• Your goal
The listing below must be returned in full and unchanged, without the images it carries.

Top of Data supplied

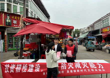 摊位旁的“安全课”——泉塘镇在菜市场开展“国际减灾日”宣传
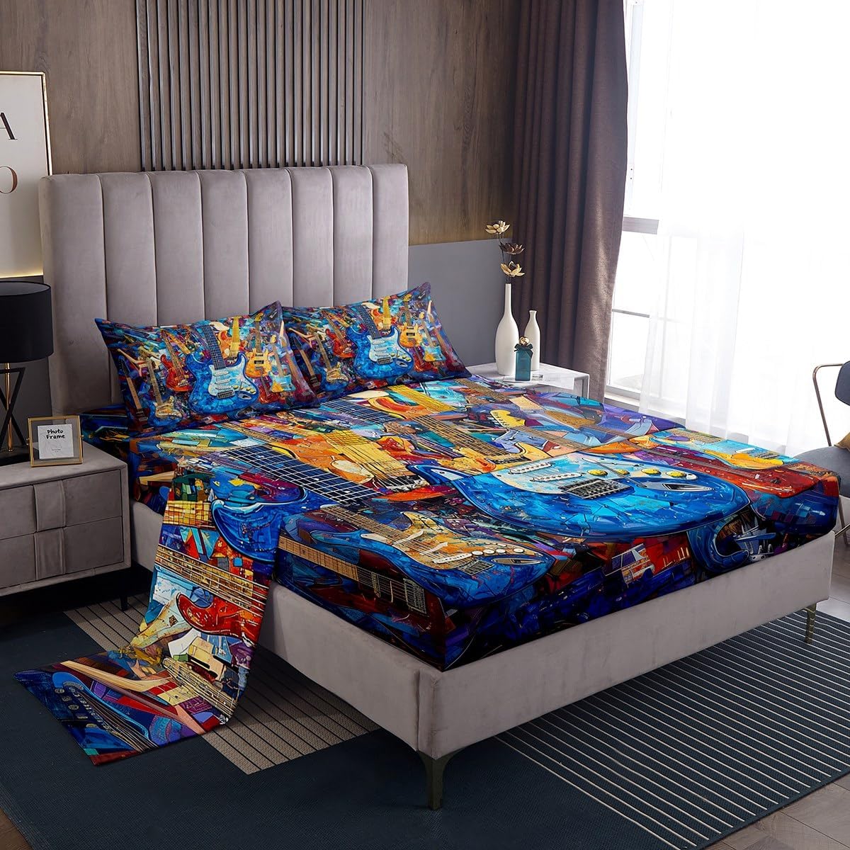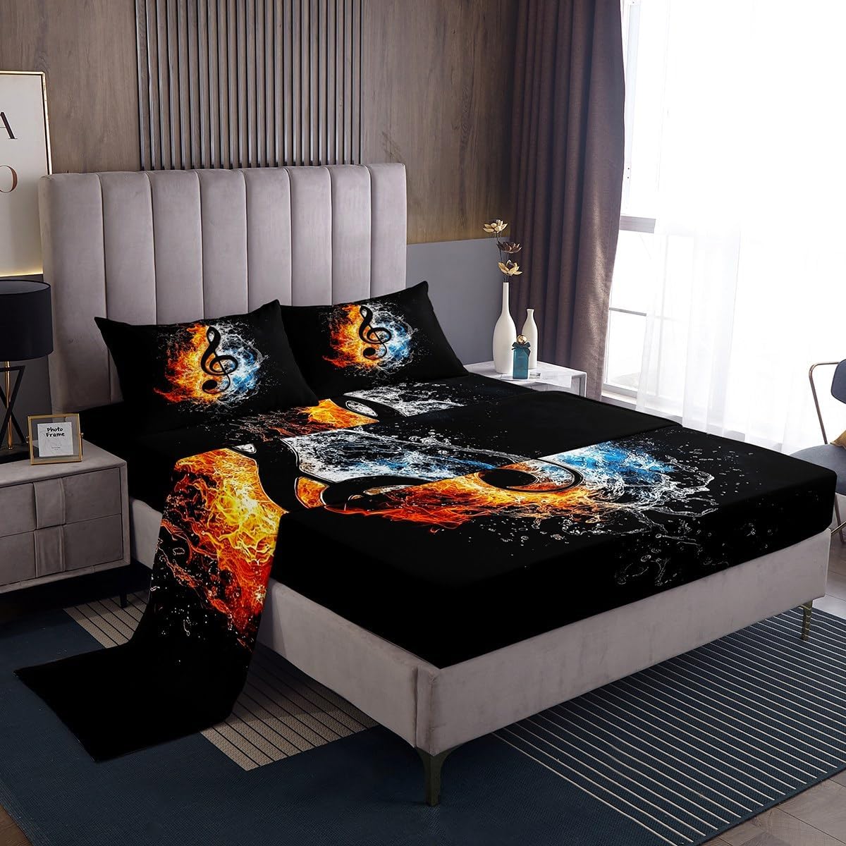 Our bed sheet is made of polyester fabric, lightweight and soft; stylish design is very suitable as room decoration for boys and girls; keep warm in winter and cool in summer; create a comfortable sleeping environment to make you fall asleep all night Range of size 1 twin fitted sheet 39 inch x 75 inch x 16 inch and 1 twin flat sheet 66 inch x 96 inch and 1 standard pillowcase 20 inch x 30 inch 1 full fitted sheet 54 inch x 75 inch x 16 inch and 1 full flat sheet 81 inch x 96 inch and 2 standard pillowcase 20 inch x 30 inch 1 queen fitted sheet 60 inch x 80 inch x 16 inch and 1 queen flat sheet 90 inch x 102 inch and 2 standard pillowcase 20 inch x 30 inch 1 king fitted sheet 78 inch x 80 inch x 16 inch and 1 king flat sheet 90 inch x 106 inch and 2 standard pillowcase 20 inch x 36 inch
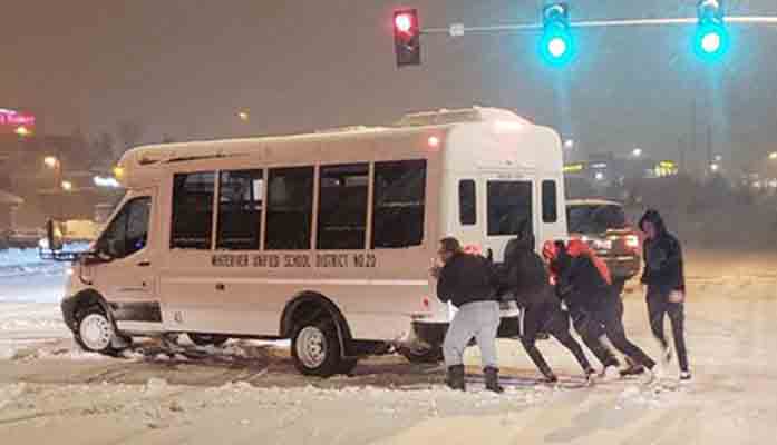 The Alchesay High School girls basketball team pushes its bus through a snowy intersection in Prescott. (Photo courtesy Lee Patterson)
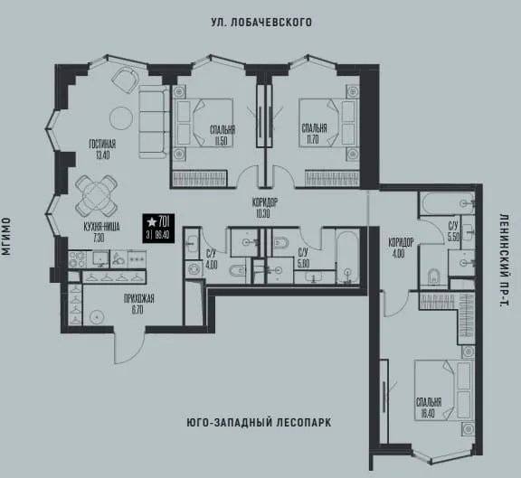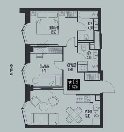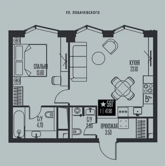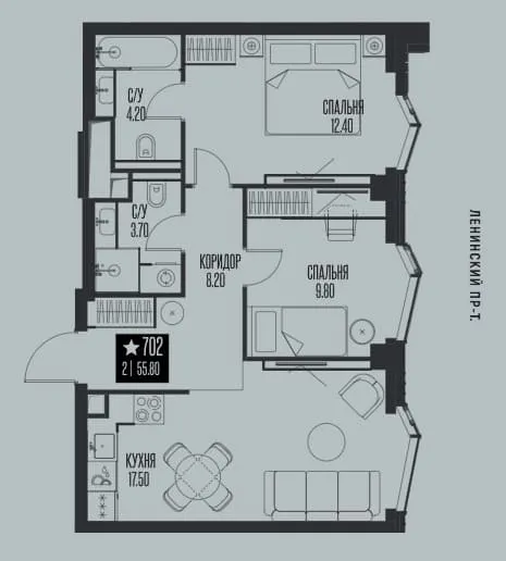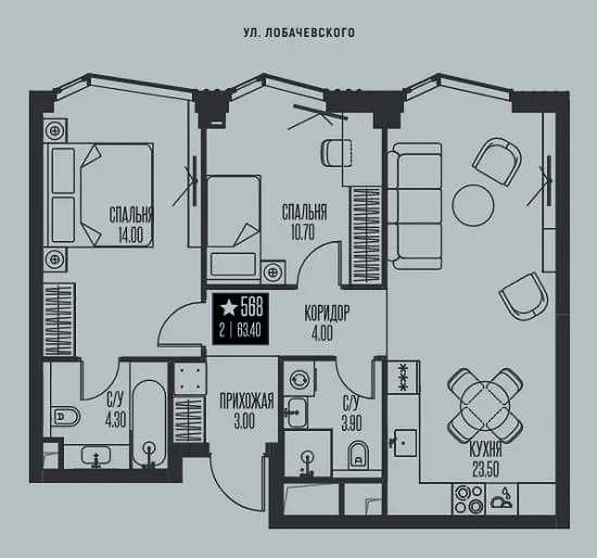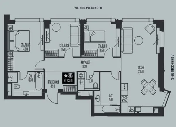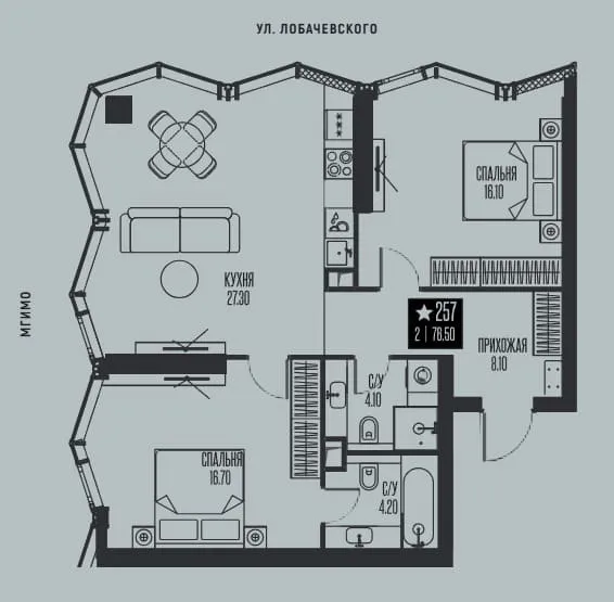 Купить квартиру в жк Ice Towers от уютных однокомнатных (от 34,3 кв. м) до просторных трехкомнатных (до 127,8 кв. м).
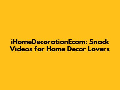 IHomeDecorationEcom: Snack Videos For Home Decor Lovers
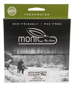 All Advanced Clear Plus lines are weighted on the heavy side of the true AFFTA standards. You can see the weight ranges in the chart pictured here (weights are measured from the first 30 ft of the head). Many fly lines in today’s market are vastly over-weighted, sometimes up to 3 sizes. At Monic, we understand that not every angler is using a fast action rod or wants an ultra-heavy fly line forced into their hands. That is why we want to leave the decision up to you. After all, nobody knows your rod and fishing style better than you do.

Bottom of Data supplied

• Task answer
 摊位旁的“安全课”——泉塘镇在菜市场开展“国际减灾日”宣传
 Our bed sheet is made of polyester fabric, lightweight and soft; stylish design is very suitable as room decoration for boys and girls; keep warm in winter and cool in summer; create a comfortable sleeping environment to make you fall asleep all night Range of size 1 twin fitted sheet 39 inch x 75 inch x 16 inch and 1 twin flat sheet 66 inch x 96 inch and 1 standard pillowcase 20 inch x 30 inch 1 full fitted sheet 54 inch x 75 inch x 16 inch and 1 full flat sheet 81 inch x 96 inch and 2 standard pillowcase 20 inch x 30 inch 1 queen fitted sheet 60 inch x 80 inch x 16 inch and 1 queen flat sheet 90 inch x 102 inch and 2 standard pillowcase 20 inch x 30 inch 1 king fitted sheet 78 inch x 80 inch x 16 inch and 1 king flat sheet 90 inch x 106 inch and 2 standard pillowcase 20 inch x 36 inch
 The Alchesay High School girls basketball team pushes its bus through a snowy intersection in Prescott. (Photo courtesy Lee Patterson)
 Купить квартиру в жк Ice Towers от уютных однокомнатных (от 34,3 кв. м) до просторных трехкомнатных (до 127,8 кв. м).
 IHomeDecorationEcom: Snack Videos For Home Decor Lovers
 All Advanced Clear Plus lines are weighted on the heavy side of the true AFFTA standards. You can see the weight ranges in the chart pictured here (weights are measured from the first 30 ft of the head). Many fly lines in today’s market are vastly over-weighted, sometimes up to 3 sizes. At Monic, we understand that not every angler is using a fast action rod or wants an ultra-heavy fly line forced into their hands. That is why we want to leave the decision up to you. After all, nobody knows your rod and fishing style better than you do.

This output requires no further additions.